她整个人腾空而起,双腿在空中交替踢出,空中三连击,每一脚都比前一脚更重,靴底砸在防御架上发出三声沉闷而暴烈的砰响。
陆州被第三脚踹退了半步,重心彻底丢了。
张亦落地的时候是半跪的姿势,右腿屈膝左腿前伸,利用落地缓冲的惯性直接向前扑出。
她左臂探出去扣住陆州失衡后露出的肩侧,同时左腿从下方一勾一别,下段扫接高位锁,他的重心被她整条腿的力量撬翻了。
一声闷响。
陆州的后背砸在格斗区的地面上,整个人被放倒。
张亦站起来之后没有立刻松手。
她拉着陆州的那只手往上提了半寸,陆州顺势借力起身,膝盖还没完全打直,张亦空着的左手已经往下探了。
她并拢的指尖勾住陆州制服裤的松紧带边缘,往外面轻轻一扯——布料被拉开一道窄缝。
她的视线垂下去,日光灯的光从那道缝口灌进去,照亮了一小片纯黑的布料边缘,收得整整齐齐,贴着紧实的腰腹皮肤。
黑色。清清楚楚的黑色。
她把指尖收回来,松紧带啪地弹回去贴回皮肤上,发出一声极轻的脆响。
陆州整个人定住了。
他的脊背猛地绷紧,刚站直的身体晃了一下,浅色的眼睛骤然睁大。
那张永远从容的脸在这一瞬间裂开了一道大口子。瞳孔缩紧,嘴唇张开又合上,喉结上下滚了两回,喉咙里发出一个含糊的、被压住的音节:"你——"
张亦已经侧过身去面对人群了。
她把勾裤腰的那只手抬起来,手指在空中轻轻搓了一下,像是在回味布料的触感。然后她扬了扬下巴,开口,声音不大但足以让围过来的七八个人都听见:"你们想不想知道陆州内裤是什么——"
"不想!"
陆州的声音从她身后炸出来,第一次失了那种温润的掌控感。他一步跨到她身侧,手臂伸出来试图挡在她和人群之间,耳尖那层粉色瞬间烧到了整只耳朵,连脖颈侧面都泛起薄薄的红。

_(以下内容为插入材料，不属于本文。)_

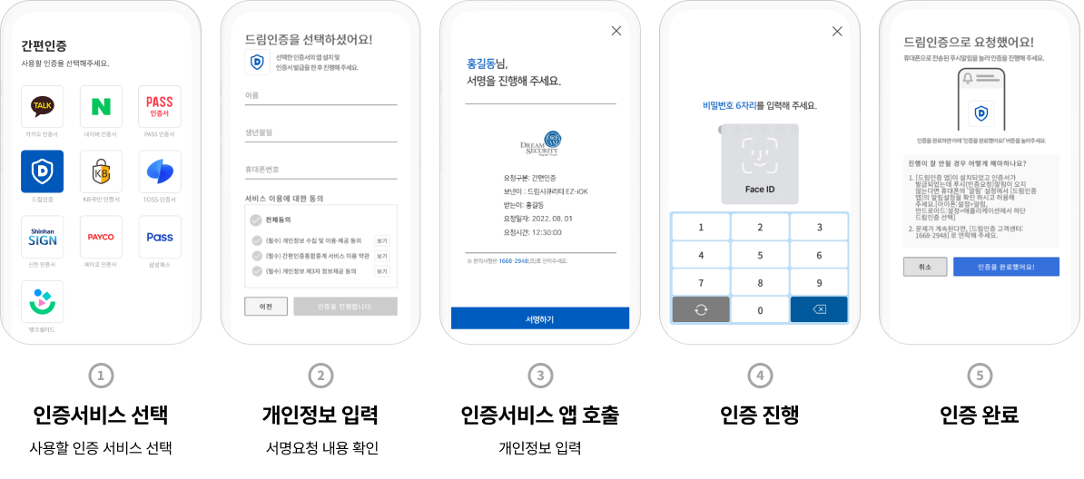 여러 간편인증 사업자와 개별적으로 신청, 계약, 정산 절차 없이 드림시큐리티와의 단일계약으로 15개 이상의 간편인증 서비스를 제공할 수 있습니다.
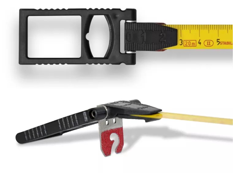 Le crochet universel du mètre à ruban à cadre LBM 1000 et du mètre à ruban à capsules LBM 2000 offre des possibilités de fixation flexibles grâce au crochet STABILA SPIKES dépliable et au grand anneau en plastique incassable avec encoche à clou - pour un maintien sûr lors du tirage du ruban. L'œillet de clouage intégré dans le crochet SPIKES permet de desserrer rapidement la fixation.

"没人想知道!"他又强调了一遍,声音比刚才稍微稳了一点但明显在压着什么,呼吸还没完全平顺,"张亦,够了——"
"粉色。"张亦说。
她侧过头看了他一眼,嘴角往上翘了一个极明显的弧度。就这么两个字,丢出来的时候轻飘飘的,像往水里扔了一块石头。
人群里安静了一瞬。
然后轰地炸开了。
庞康蹲在地上,双手捂着脸,从指缝里漏出来的笑声尖得像哨子,圆肩膀抖得整个人都快滚到地上去。
旁边几个战斗系的学生就没这么含蓄了,一个正在喝水的直接把嘴里的水喷了出来,水雾在日光灯底下闪闪发亮。另一个扶着旁边的训练器材架,笑得弯了腰,拳头砸在金属架子上砰砰响。
有人用终端镜头对准陆州的脸拼命拉近焦距,嘴里喊着"陆少尉看一下镜头"。
"我操!粉色!""粉色!陆少尉!""他妈的我今天没白来训练!""谁录了谁录了发我一份!!"
陆州的反应很慢,慢得像那些声音传进他耳朵里经过了什么漫长的折射才在脑子里炸开。他先是低头看了一眼自己腰侧刚才被勾过的地方,然后抬起头来看张亦的脸,再然后低头看自己的裤腰,瞳孔在黑色和她的那句话之间来回跳跃了几次,脸上的表情从茫然变成难以置信再变成一种接近空白的错愕。
"……粉?"他声音哑了一个度,像是咬到了自己的舌头,"我明明——"
张亦转过头来看着他,右眼微微弯着,里面没有恶意,没有嘲笑,只有一种安安静静的、近乎纵容的愉快。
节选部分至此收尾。